R/predict_race.R
In wru: Who are You? Bayesian Prediction of Racial Category Using Surname, First Name, Middle Name, and Geolocation

Documented in predict_race

#' Race prediction function.
#'
#' \code{predict_race} makes probabilistic estimates of individual-level race/ethnicity.
#'
#' This function implements the Bayesian race prediction methods outlined in
#' Imai and Khanna (2015). The function produces probabilistic estimates of
#' individual-level race/ethnicity, based on surname, geolocation, and party.
#' @param voter.file An object of class \code{data.frame}.
#' Must contain a row for each individual being predicted,
#' as well as a field named \code{\var{surname}} containing each individual's surname.
#' If using geolocation in predictions, \code{\var{voter.file}} must contain a field named
#' \code{\var{state}}, which contains the two-character abbreviation for each individual's
#' state of residence (e.g., \code{"nj"} for New Jersey).
#' If using Census geographic data in race/ethnicity predictions,
#' \code{\var{voter.file}} must also contain at least one of the following fields:
#' \code{\var{county}}, \code{\var{tract}}, \code{\var{block_group}}, \code{\var{block}}, 
#' and/or \code{\var{place}}.
#' These fields should contain character strings matching U.S. Census categories.

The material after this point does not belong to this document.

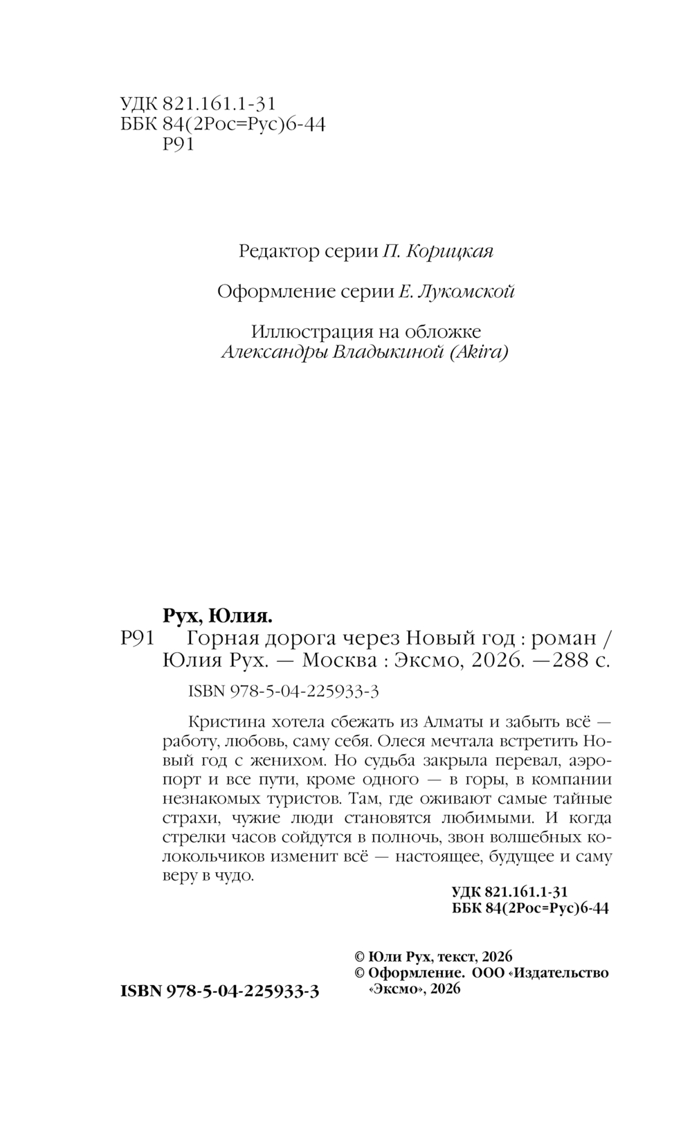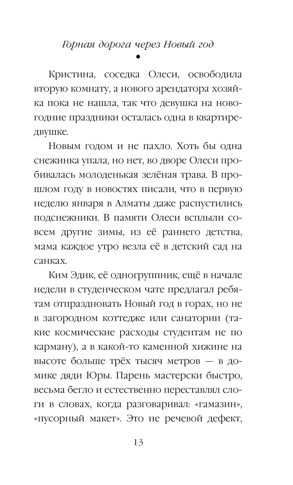 Кристина хотела сбежать из Алматы и забыть всё – работу, любовь, саму себя. Олеся мечтала встретить Новый год с женихом. Но судьба закрыла перевал, аэропорт и все пути, кроме одного – в горы, в компании незнакомых туристов. Там, где оживают самые тайные страхи, чужие люди становятся любимыми. И когда стрелки часов сойдутся в полночь, звон волшебных колокольчиков изменит всё – настоящее, будущее и саму веру в чудо.

#' County is three characters (e.g., \code{"031"} not \code{"31"}),
#' tract is six characters, block group is usually a single character and block
#'  is four characters. Place is five characters.

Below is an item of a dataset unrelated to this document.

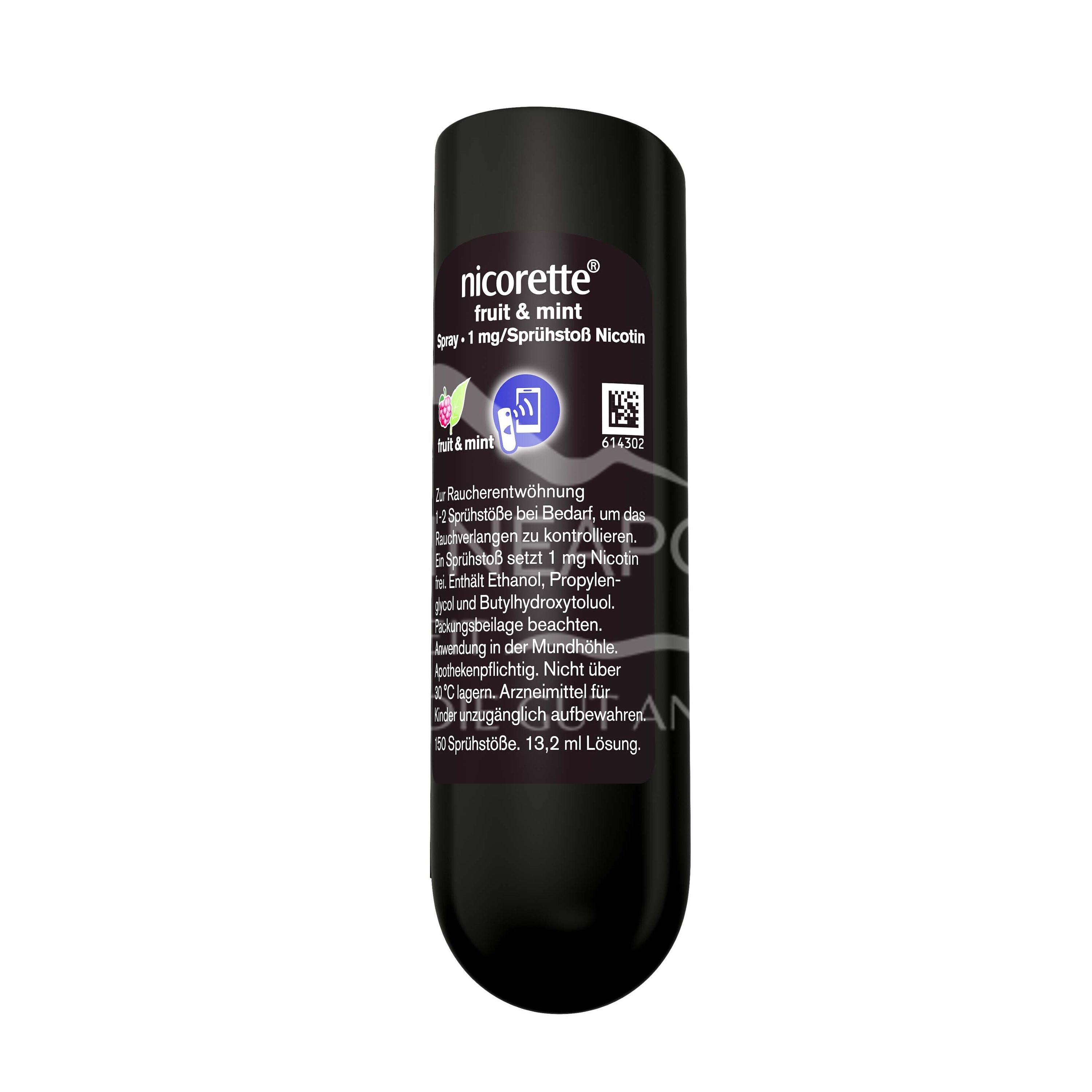 - Was Nicorette Fruit & Mint Spray enthält: Der Wirkstoff ist Nicotin. Ein Sprühstoß setzt 1 mg Nicotin frei

#' See below for other optional fields.
#' @param census.surname A \code{TRUE}/\code{FALSE} object. If \code{TRUE},
#'  function will call \code{merge_surnames} to merge in Pr(Race | Surname)
#'  from U.S. Census Surname List (2000, 2010, or 2020) and Spanish Surname List.
#'  If \code{FALSE}, user must provide a \code{name.dictionary} (see below).
#'  Default is \code{TRUE}.
#' @param surname.only A \code{TRUE}/\code{FALSE} object. If \code{TRUE}, race predictions will
#'  only use surname data and calculate Pr(Race | Surname). Default is \code{FALSE}.
#' @param census.geo An optional character vector specifying what level of
#' geography to use to merge in U.S. Census geographic data. Currently
#' \code{"county"}, \code{"tract"}, \code{"block_group"}, \code{"block"}, and \code{"place"} 
#' are supported.
#' Note: sufficient information must be in user-defined \code{\var{voter.file}} object.
#' If \code{\var{census.geo} = "county"}, then \code{\var{voter.file}}
#' must have column named \code{county}.
#' If \code{\var{census.geo} = "tract"}, then \code{\var{voter.file}}
#' must have columns named \code{county} and \code{tract}.
#' And if \code{\var{census.geo} = "block"}, then \code{\var{voter.file}}
#' must have columns named \code{county}, \code{tract}, and \code{block}.
#' If \code{\var{census.geo} = "place"}, then \code{\var{voter.file}}
#' must have column named \code{place}.
#' If `census.geo = "zcta"`, then `voter.file` must have column named `zcta`.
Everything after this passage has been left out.